Simply connected will only ensure that closed one forms are exact. If you delete the origin from $R^3$, there should be a 2-form on this space which is closed but not exact (I think you could write it down by pulling back the volume form of the sphere to $R^3-0$).
In general closed forms will always be exact on contractible spaces.
I would recommend reading a book on de Rham cohomology, such as Bott and Tu, or From Calculus to Cohomology.
No. "Every closed form is exact" is equivalent to the claim that the first de Rham cohomology $H^1_{dR}(U, \mathbb{R})$ vanishes. This means, equivalently, that there are no nontrivial homomorphisms from the fundamental group $\pi_1(U)$ to $\mathbb{R}$. But it does not imply that the fundamental group is trivial (which is equivalent to simply connected).
In fact any reasonable space (e.g. a manifold) is homotopy equivalent to an open subset of some $\mathbb{R}^n$ (embed it into $\mathbb{R}^n$ in a nice way, then take a tubular neighborhood), and lots of reasonable spaces have the property that their fundamental group is nontrivial but admits no nontrivial maps to $\mathbb{R}$. Maybe the simplest such space is the real projective plane $\mathbb{RP}^2$, which embeds nicely into $\mathbb{R}^4$ (I think) and has fundamental group $\mathbb{Z}_2$.
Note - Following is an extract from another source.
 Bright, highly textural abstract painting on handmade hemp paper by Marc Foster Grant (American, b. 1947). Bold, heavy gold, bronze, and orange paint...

If you really want an explicit open subset of some $\mathbb{R}^n$, you can take $GL_3^{+}(\mathbb{R})$, the space of $3 \times 3$ matrices with positive determinant, which is homotopy equivalent to $SO(3)$, which is in turn the real projective space $\mathbb{RP}^3$, and which in particular again has fundamental group $\mathbb{Z}_2$. This is a connected open subset of $\mathbb{R}^9$.
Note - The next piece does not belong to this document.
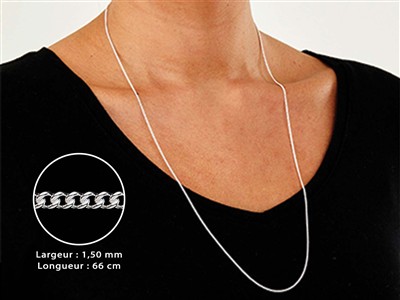 Cette chaîne Gourmette en Argent 925 est idéale pour les pendentifs et breloques de taille moyenne. Elle a une largeur de 1,50 mm et chaque maillon mesure environ 1,90 mm de long. La longueur t...

In general, homomorphisms $\pi_1(U) \to \mathbb{R}$ correspond to homomorphisms $H_1(U, \mathbb{Z}) \to \mathbb{R}$, where $H_1$ is the first singular homology. If the fundamental group $\pi_1(U)$ is finitely generated (which is again true in all reasonable cases), every such homomorphism is trivial iff $H_1(U, \mathbb{Z})$ is torsion iff it is finite.
Best Answer
Let $U=\mathbb R^n\setminus \lbrace0 \rbrace\subset \mathbb R^n$, a simply connected domain for $n\geq3$, which we assume from now on.
The $(n-1)$ form $\omega \in \Omega^{n-1}(U)$ defined by
$$\omega (x)=\frac {1}{\mid \mid x\mid \mid^n} \sum _{i=1} ^n (-1)^{i-1}x_idx^1\wedge...\wedge \widehat{dx^i} \wedge dx_n$$ for $x\in \mathbb R^n\setminus \lbrace0 \rbrace)$ is closed but not exact. It is thus an example of what you want.
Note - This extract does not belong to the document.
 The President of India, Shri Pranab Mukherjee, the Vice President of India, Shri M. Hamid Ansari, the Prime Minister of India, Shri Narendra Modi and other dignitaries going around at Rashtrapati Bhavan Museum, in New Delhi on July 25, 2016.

More precisely, its cohomology class $[\omega ]$ generates the one-dimensional $(n-1)$-th De Rham cohomology vector space of $U$, namely $H^{n-1}_{DR}(U)=\mathbb R\cdot[\omega ]$
NB
a) This form can also be seen as the pull-back $\omega =r^*(vol)$ of the canonical volume form $vol\in \Omega ^{n-1}(S^{n-1})$ of the unit sphere under the map $$r:U\to S^{n-1}:x\mapsto \frac {x}{\mid \mid x\mid \mid}$$
b) To be quite explicit, the value of the alternating form $\omega (x)$ on the $(n-1)$-tuple of vectors $v_1,...,v_{n-1}\in T_x(U)=\mathbb R^n$ is $$\omega (x)(v_1,...,v_{n-1})=\frac {1}{\mid \mid x\mid \mid^n}\cdot det[x\mid v_1\mid ...\mid v_{n-1}]$$
where of course $x, v_1, ...,v_{n-1}$ are seen as column vectors of size $n$.